Goal of the exercise: Could you retype exactly the line containing "Agua, azúcar, concentrado" and every line after it in the data below, leaving out the pictures?

Dataset section:
--*--

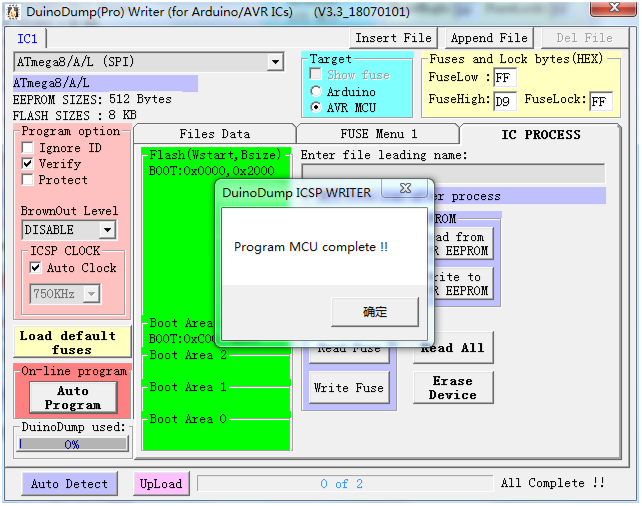 下方进度条显示写 FLASH,EEPROM,FUSE 等操作,直到完成。
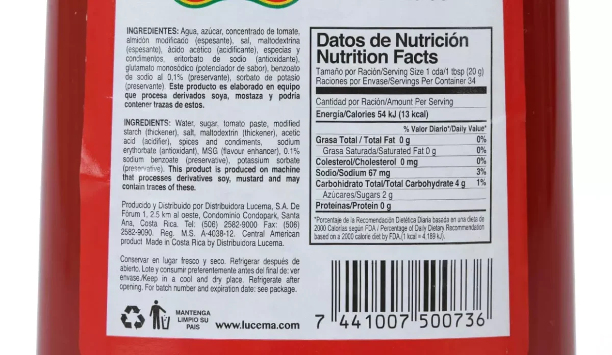 Agua, azúcar, concentrado de tomate, especias y condimentos.
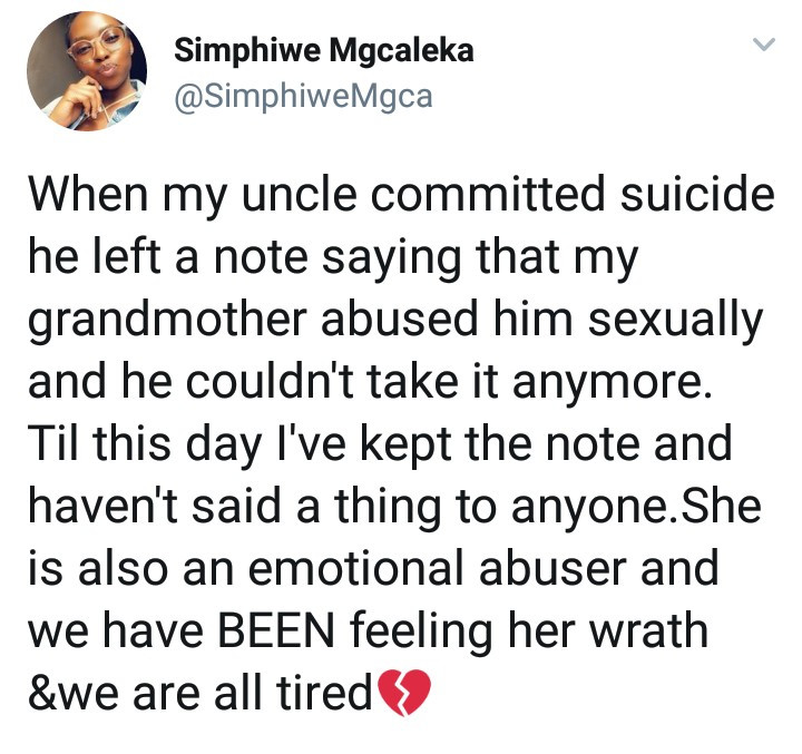 A lady has taken to Twitter to reveal that her uncle committed suicide and left a suicide note saying that his mother – the lady’s grandmother – sexually abused him. Now, the lady fears her grandmother might try the same thing with her brother.

--*--

Task output:
 Agua, azúcar, concentrado de tomate, especias y condimentos.
 A lady has taken to Twitter to reveal that her uncle committed suicide and left a suicide note saying that his mother – the lady’s grandmother – sexually abused him. Now, the lady fears her grandmother might try the same thing with her brother.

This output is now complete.